_What to work on_. Every entry, start to finish, should be printed verbatim without pictures.

(Data extracted from a collection)
--------
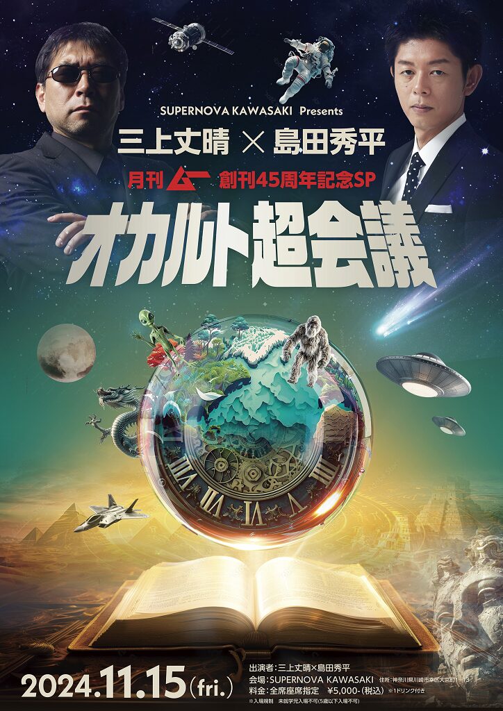 ムーでもおなじみ、手相・怪談・都市伝説で活躍する島田秀平氏と「ムー」編集長・三上丈晴がオカルトを語るツーマンイベントが開催決定! 「三上丈晴×島田秀平 ムー創刊45周年記念SPオカルト超会議」である。
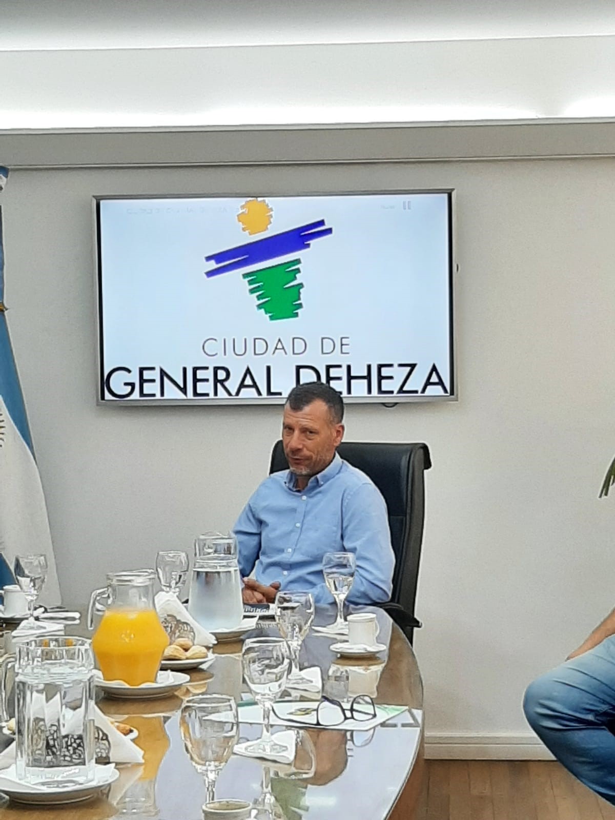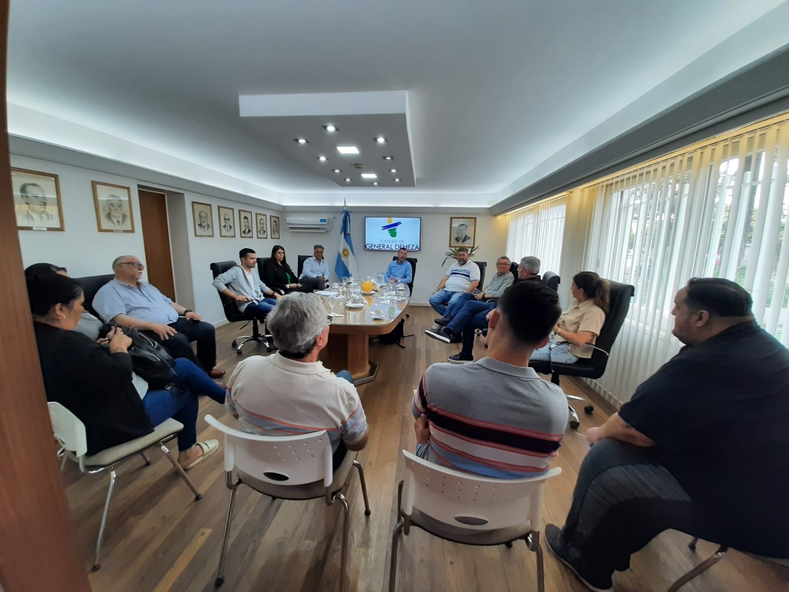 Con una convocatoria muy importante, el Intendente Eduardo Pizzi, recibió en la mañana de hoy al Sr. Gustavo Massotti del Ministerio de Cooperativas y Mutuales del Gobierno de la Provincia; formaron parte de la reunión el Sr. Ariel Moreyra, Presidente de la Comunidad Regional Juárez Celman; representantes de Mutual de las Comunidades, Cooperativa de Trabajo "Nuestra Sra. de la Asunción" y Cooperativa Eléctrica General Deheza.
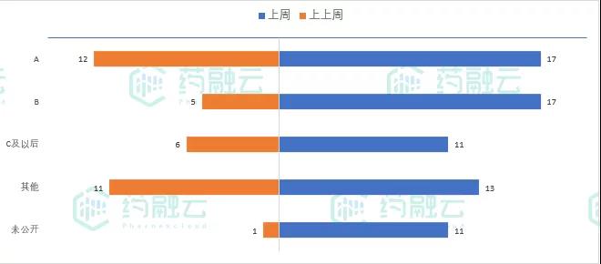 8月16日-8月22日全球范围内与医药相关的投融资事件共69笔,环比增加97%,C轮融资金额过半(81.8亿元)
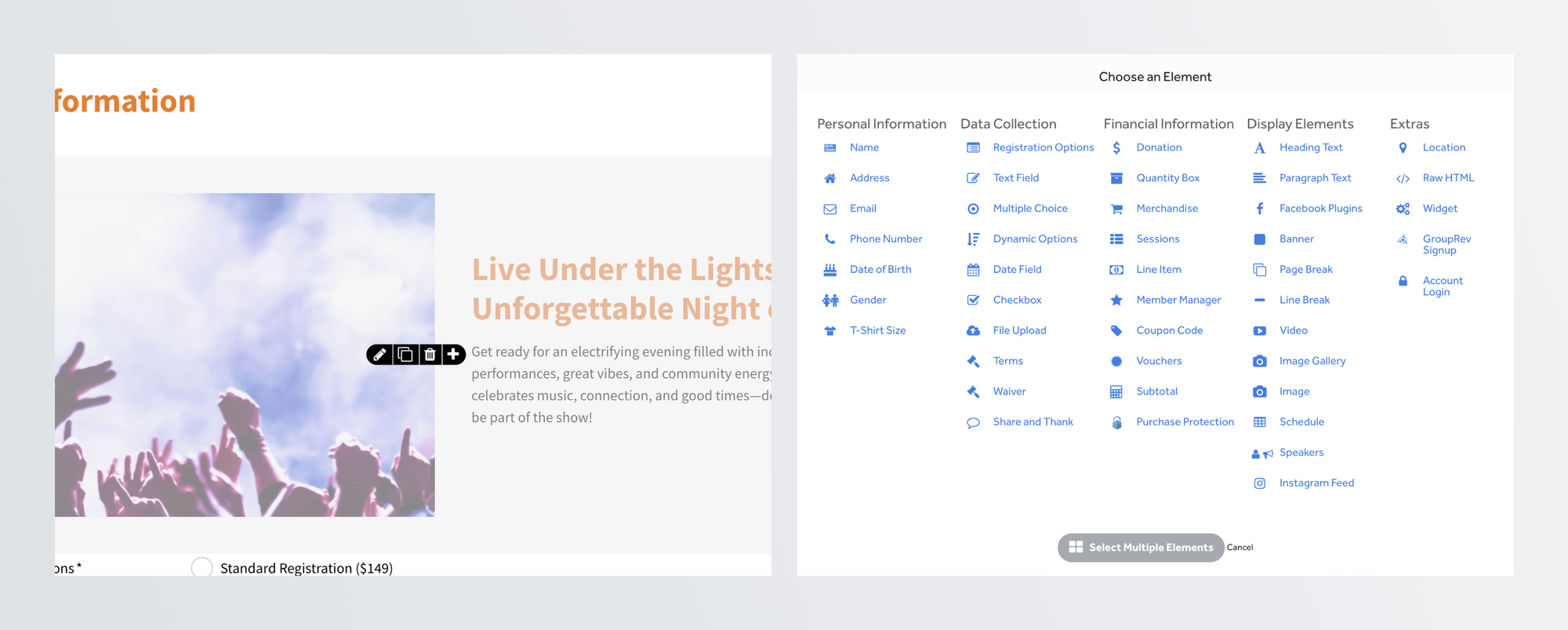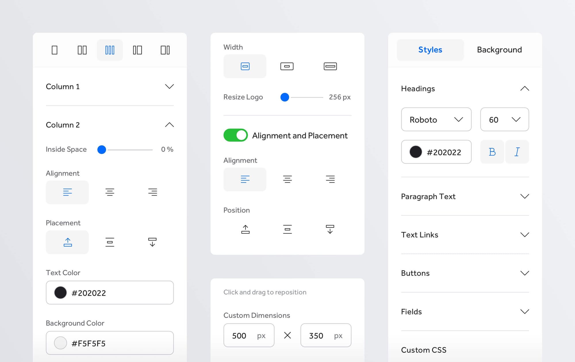 We wanted to introduce a new interactive approach. Our layout page elements would now be controlled by a small toolbar at the top that reveals a set of controls into a popover.
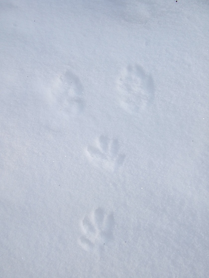 ません。雪がしまっていたり、さらっと雪積もると小さな前足の跡が見えない
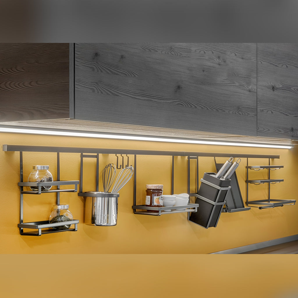 Gamme d'accessoires à accrocher au mur de la cuisine. Vous aurez désormais tous les accessoires à portée de main et plus d'espace sur le plan de travail, pour pouvoir travailler comme dans la cuisine d'un grand restaurant.Son design gris anthracite élégant et sa structure en acier plat sont la dernière tendance en matière de design de cuisine. Ils se caractérisent par leur accrochage sur un profilé aluminium fixé au mur au moyen de supports qui restent cachés en libérant la face du profilé.Divers accessoires sont disponibles avec leurs dimensions optimisées pour tirer le meilleur parti de leur capacité de stockage. La vaste gamme comprend des étagères pour ustensiles, des étagères pour pots à épices et des patères. Vous trouverez également des porte-rouleaux pratiques pour ranger ensemble le papier essuie-tout, le film alimentaire et le papier d'aluminium, un porte-couverts avec seau chromé, un porte-couteau et un porte-tablette qui vous permet de suivre les recettes facilement et en toute sécurité dans la cuisine.
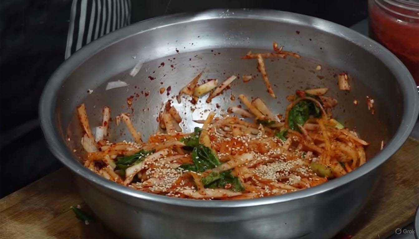 할머니는 무생채를 버무리며 "고춧가루를 많이 넣으면 질척해진다"며 적당량을 넣어야 한다고 강조했다. 출연자가 식초를 넣느냐고 묻자 할머니는 "안 들어갔다. 안 쓴다"고 했다.
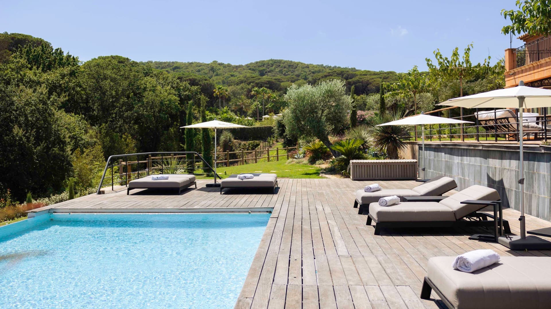 Outdoors, the heated swimming pool blends harmoniously into the landscape, surrounded by wooden terraces, sun loungers and lounge areas. Protected by a true green cocoon, the property invites relaxation in the shade of the pines, between swims, al fresco lunches and long summer evenings.
--------
_Problem solution_.
 ムーでもおなじみ、手相・怪談・都市伝説で活躍する島田秀平氏と「ムー」編集長・三上丈晴がオカルトを語るツーマンイベントが開催決定! 「三上丈晴×島田秀平 ムー創刊45周年記念SPオカルト超会議」である。
 Con una convocatoria muy importante, el Intendente Eduardo Pizzi, recibió en la mañana de hoy al Sr. Gustavo Massotti del Ministerio de Cooperativas y Mutuales del Gobierno de la Provincia; formaron parte de la reunión el Sr. Ariel Moreyra, Presidente de la Comunidad Regional Juárez Celman; representantes de Mutual de las Comunidades, Cooperativa de Trabajo "Nuestra Sra. de la Asunción" y Cooperativa Eléctrica General Deheza.
 8月16日-8月22日全球范围内与医药相关的投融资事件共69笔,环比增加97%,C轮融资金额过半(81.8亿元)
 We wanted to introduce a new interactive approach. Our layout page elements would now be controlled by a small toolbar at the top that reveals a set of controls into a popover.
 ません。雪がしまっていたり、さらっと雪積もると小さな前足の跡が見えない
 Gamme d'accessoires à accrocher au mur de la cuisine. Vous aurez désormais tous les accessoires à portée de main et plus d'espace sur le plan de travail, pour pouvoir travailler comme dans la cuisine d'un grand restaurant.Son design gris anthracite élégant et sa structure en acier plat sont la dernière tendance en matière de design de cuisine. Ils se caractérisent par leur accrochage sur un profilé aluminium fixé au mur au moyen de supports qui restent cachés en libérant la face du profilé.Divers accessoires sont disponibles avec leurs dimensions optimisées pour tirer le meilleur parti de leur capacité de stockage. La vaste gamme comprend des étagères pour ustensiles, des étagères pour pots à épices et des patères. Vous trouverez également des porte-rouleaux pratiques pour ranger ensemble le papier essuie-tout, le film alimentaire et le papier d'aluminium, un porte-couverts avec seau chromé, un porte-couteau et un porte-tablette qui vous permet de suivre les recettes facilement et en toute sécurité dans la cuisine.
 할머니는 무생채를 버무리며 "고춧가루를 많이 넣으면 질척해진다"며 적당량을 넣어야 한다고 강조했다. 출연자가 식초를 넣느냐고 묻자 할머니는 "안 들어갔다. 안 쓴다"고 했다.
 Outdoors, the heated swimming pool blends harmoniously into the landscape, surrounded by wooden terraces, sun loungers and lounge areas. Protected by a true green cocoon, the property invites relaxation in the shade of the pines, between swims, al fresco lunches and long summer evenings.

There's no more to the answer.